Scott West Shows how high the roof will be on the Scruffy City Hall Mezzanine
Scruffy City Hall has come a long way since opening in 2014. It has been the site of many of my favorite music experiences, from lots of my favorite local bands to national artists like Alanna Royale and Ben Sollee, as well as great comics like Tim Northern and Trae Crowder. One of my favorite experiences came on the rooftop with Charlie Chaplin’s The Immigrant played on a neighboring wall while Ben Maney improvised a soundtrack on keyboards. What a night!
While the rooftop has been a cool space since its inception, it has been small and has enjoyed a limited capacity. While the rooftops over Preservation Pub and Bernadette’s merged into a magical, massive space, it remained its quaint original self. That will start changing soon.
The original conception of Scruffy City Hall, at 32 Market Square, was a Viking theme. It still has a bit of that vibe on the main floor with the large metal chandeliers and high ceilings. It’s become a bit eclectic as it has evolved, with church pews and stained glass windows, but also a range of other religious symbols, as Scott West pointed out to me as we worked our way to the rooftop from Buddha to a range of symbols I’d never consciously encountered, though I’ve walked past them many times.
Plans, which have received initial approvals, but must check a couple of last boxes before proceeding, while radically re-work and expand the rooftop. The bar, currently located at the back of the rooftop will be moved to make way for a small stair case going from the main level to a mezzanine level, which will be a new addition.
With the addition of the mezzanine level, the rooftop will roughly double in size.
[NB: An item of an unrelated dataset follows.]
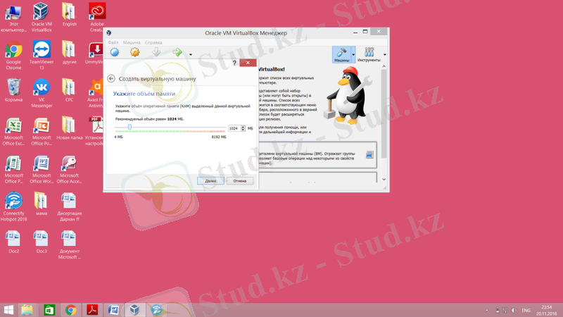 Сурет. 1. 4 Oracle ViқrtualBox менеджерінде жаңа виртуалды машинаны жасау
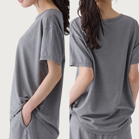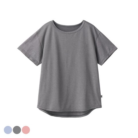 リラックス感のあるシルエットにヒップラインをさりげなくカバーする前後差を付けた裾が嬉しい丸首半袖トップス。

The kegs for beer taps and other necessary equipment will reside beneath the new level, while that level will flow to the back of the building, making for a more elevated level where the bar will be located.
Arching over the entire mezzanine level and reaching out past the doorway onto the roof will be a simulation of a large whiskey barrel providing shelter to the entire second level. It will be closed at the back, but open at the front, allowing for the rooftop to retain its outdoor feel, but to stay dry during rain.
Among other things, the covering will allow for events to be booked for the rooftop without fear of them being hampered by rain. The current level of the rooftop will not be covered, and the new covering will not be visible from below.
The hope is to start construction by early summer, with a nine-month estimate for completion, so opening is hoped for by next spring. Design work is by Markus Chady and the team at Studio Four Design and construction will be in-house by Chip Maner and W.M. Beever Construction.